High Reheating Temperature without Axion Domain Walls
Shota Nakagawa, Yuichiro Nakai, Yu-Cheng Qiu, Lingyun Wang, Yaoduo Wang
TL;DR
The paper tackles the axion domain-wall and isocurvature problems by proposing a Peccei-Quinn non-restoration scenario in which the PQ symmetry remains broken throughout the Universe. It achieves this with a non-supersymmetric two-field PQ sector that yields a flat direction and, via a negative thermal mass from singlet couplings, prevents symmetry restoration at high temperatures. A Daisy-resummed finite-temperature analysis shows a viable parameter space where $v_{ m PQ}(T)$ stays nonzero, allowing arbitrarily high $T_R$ and remaining consistent with observational constraints. This provides a minimal framework that enables high-scale baryogenesis, including thermal leptogenesis, while simultaneously avoiding topological defects and isocurvature constraints.
Abstract
We investigate a cosmological scenario in which the Peccei-Quinn (PQ) symmetry remains broken in the entire history of the Universe, thereby avoiding the formation of axion strings and domain walls. Contrary to the conventional expectation, it is demonstrated that appropriately chosen scalar interactions are able to keep the PQ symmetry broken at arbitrarily high temperatures.
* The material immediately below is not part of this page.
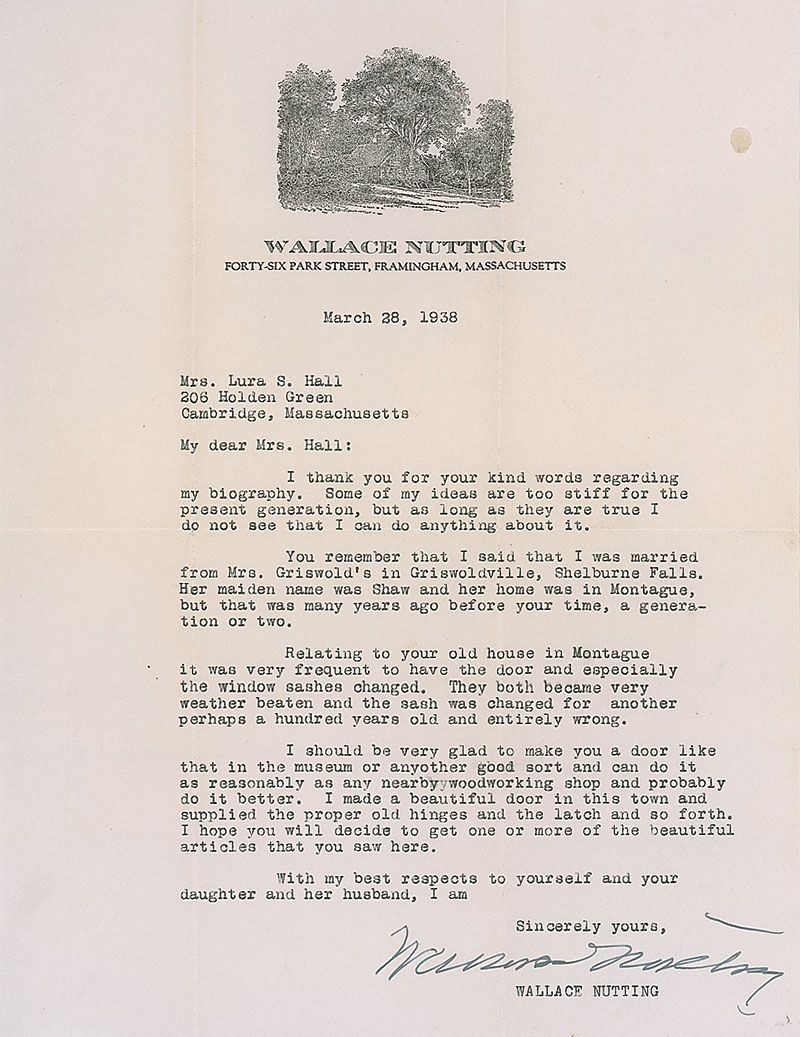 Minister, artist, and antiquarian (1861–1941) known primarily for his scenic, hand-colored photographs. TLS, one page, 8.25 x 11, illustrated personal letterhead, March 28, 1938. Letter to Lura S. Hall. In part: “Some of my ideas are too stiff for the present generation, but as long as they are true I do not see that I can do anything about it…I should be very glad to make you a door like that in the museum or any other good sort and can do it as reasonably as any nearby woodworking shop and probably do it better.” Intersecting folds, one vertical fold passing through a single letter of the signature, and a spot of adhesive to the upper right, otherwise fine condition. Accompanied by the original mailing envelope.
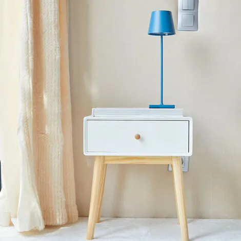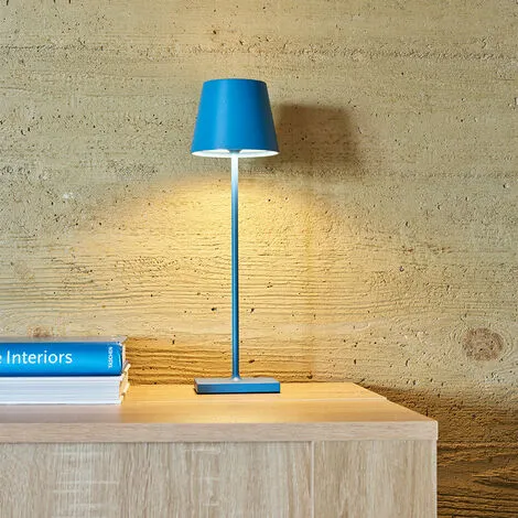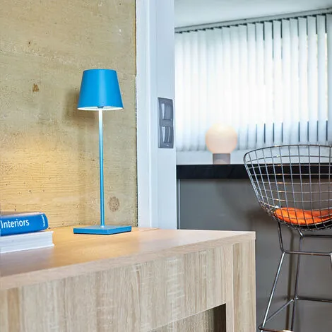 LAMPE DE TABLE LED : Kelly Blue est une lampe de table LED sans fil avec une base LED blanc chaud à intensité variable. Cette lampe à poser se distingue par son design sobre et élégant mais également par sa grande autonomie de fonctionnement (jusqu’à 9 heures). Lampe à poser autonome, elle apportera à votre décoration une touche chic et tendance. Elle est idéale comme lampe de table design, lampe de chevet ou encore pour illuminer vos tables de fêtes.UTILISATION EXTERIEUR / INTERIEUR : après une charge rapide de votre lampe de table Kelly Blue, vous pourrez utiliser cette lampe design à l’extérieur comme dans la maison. Que ce soit comme lampe d’extérieur pour la terrasse, comme lampe de table pour le salon, comme lampe déco ou comme lampe de chevet dans une chambre d’enfant, la lampe Kelly Blue s’adapte à toutes les situations.AUTONOMIE : la lampe de table Kelly Blue, une fois chargée à son maximum, peut éclairer tout autour de vous pendant près de 9 heures. Le temps de charge complet de la lampe est de 5-7h avec le câble USB fourni.VARIATEUR D’INTENSITE : la lampe de table Kelly Blue possède une luminosité blanc chaud à intensité variable, vous permettant d’adapter le degré de luminosité indépendamment sur toutes vos lampes Kelly. Cette lampe éclaire vraiment avec son flux lumineux de plus de 100 Lumens.PRATIQUE ET ROBUSTE : la lampe de table Kelly Blue est essentiellement composée d’aluminium. Chic et élégante, la lampe LED design, proposée en 6 couleurs : blanc, noir, gris, olive, bleu et marron fait une hauteur totale de 38cm (largeur 10cm). Elle est également protégée contre les éclaboussures (IP54) et résiste aussi aux UV.

We carefully examine the finite-temperature effective potential in a model with two PQ breaking scalar fields. The existence of flat directions plays a vital role in suppressing axion isocurvature perturbations during inflation by stabilizing a PQ field at a large field value. The viable parameter space consistent with theoretical and observational constraints is identified. Our scenario provides a minimal path for PQ symmetry breaking that addresses both the axion domain wall and isocurvature problems while permitting arbitrarily high reheating temperatures accommodating high-scale baryogenesis scenarios such as thermal leptogenesis.